Beta 1-Indexing™: Reducing Investing Complexity

by Vernon V. Chatman III, CFP®

 


For most complex problems, it helps to reduce the number of factors that have to be decided to reach a reasonable or correct solution. Investment decision-making is one such complex problem. Modern portfolio theory (MPT) offers powerful tools for decision-making. Nevertheless, it involves many complex factors. What I explore here is one approach to dealing with some of this complexity. Specifically, the focus is on asset allocation and expected return projections. Complexity may be reduced to such an extent that it is quite effective to create portfolios using only one fund for each asset class. Some portfolios may be cost efficient for investors and may be less sensitive to manager risk. In addition, I suggest that, today, there is little need for performance bogies.1

Actual and forecasted returns might not correspond.2 A successful long-term financial plan depends on the correspondence of projected returns and actual returns. We would like to know that if the forecasted returns are correct, the actual returns will be the same as the forecasted returns. Without this information, our implementation of a financial plan adds uncertainty. β1-IndexingTM addresses this issue with a guideline that uses reasonably available information: β and R-squared. While this guideline is not mechanistic, it does provide objective factors for choosing funds. To help understand the problem, we need to review other aspects of asset allocation and portfolio construction that add complexity.

Asset Allocation

Table 1 illustrates certain aspects of investment decision-making. It is not intended as a recommended portfolio.

Chatman Table 1 revised


Table 1 does not show numeric values for returns (and other factors) specifically to avoid debate about the correctness of those values. This allows us to focus on other issues. There is debate concerning which and how many asset classes are needed for an adequately diversified portfolio. Use of only the first four asset classes listed in Table 1, and excluding cash, is probably adequate for most investors-this keeps them out of assets they do not understand. In any case, Table 1 shows six asset classes; however, β1-IndexingTM does not prescribe the number of asset classes, nor which asset classes, to use in portfolio construction. Even so, it is clear that the greater the number of asset classes used, the greater the number of factors involved in determining the portfolio return; this contributes to complexity. Investment in each asset class is implemented using actual assets, which introduces even more complexity.

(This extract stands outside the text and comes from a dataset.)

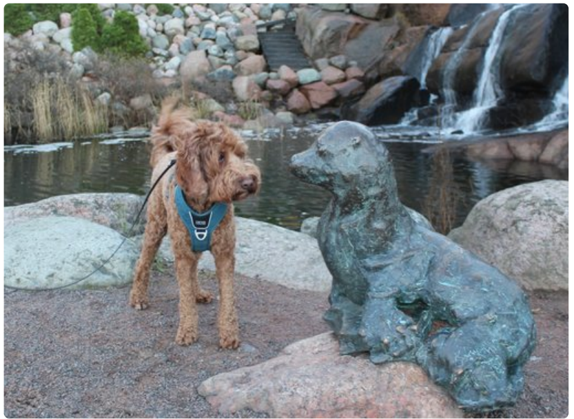
Sapokan vesipuisto on rentouttava paikka ihmisille ja koirille. Kivielläimetkin kiinnostivat karvatassua.

Raku-koiran kanssa on siellä hauska kierrellä ja tavata muitakin koiranulkoiluttajia. Koiran huomio kiinnittyi muun muassa useisiin eläinaiheisiin kivipatsaisiin. Niille voi hiukan muristakin ilman mitään vastamurinaa.

The implementation of an asset class in a real portfolio does not include all of the securities in the asset class; instead, the asset class implementation consists of (subsets of) asset class instances (ACI). For example, the Vanguard 500 Index fund (VFINX) does not include all of the securities in the asset class it is used to represent-that is, U.S. Large Cap (see Table 1, columns 1 and 3). This is also true for many advisor-selected sets of securities. The performance of the asset selection used to represent an asset class is commonly assessed using a bogey. In Table 1, row 1, the return of the Vanguard 500 Index fund is to be compared with the return forecasted for the Standard & Poors 500 TR index. If these returns differ, a financial plan based on the forecasts for the Standard & Poors 500 TR index, implemented using the Vanguard 500 Index fund, will not be realized. Different types of bogies raise somewhat different issues in this regard.

The bogies with some portfolio designs are asset class benchmarks (ACB) for each asset class. An ACB is used to assess the performance of the set of ACI used within the relevant asset class. The goal of the person/manager being evaluated is to outperform the benchmark. Note the two levels of indirection here: (1) the benchmark is a stand-in for the asset class and (2) the ACI set performance is compared with the benchmark. Indirection adds complexity.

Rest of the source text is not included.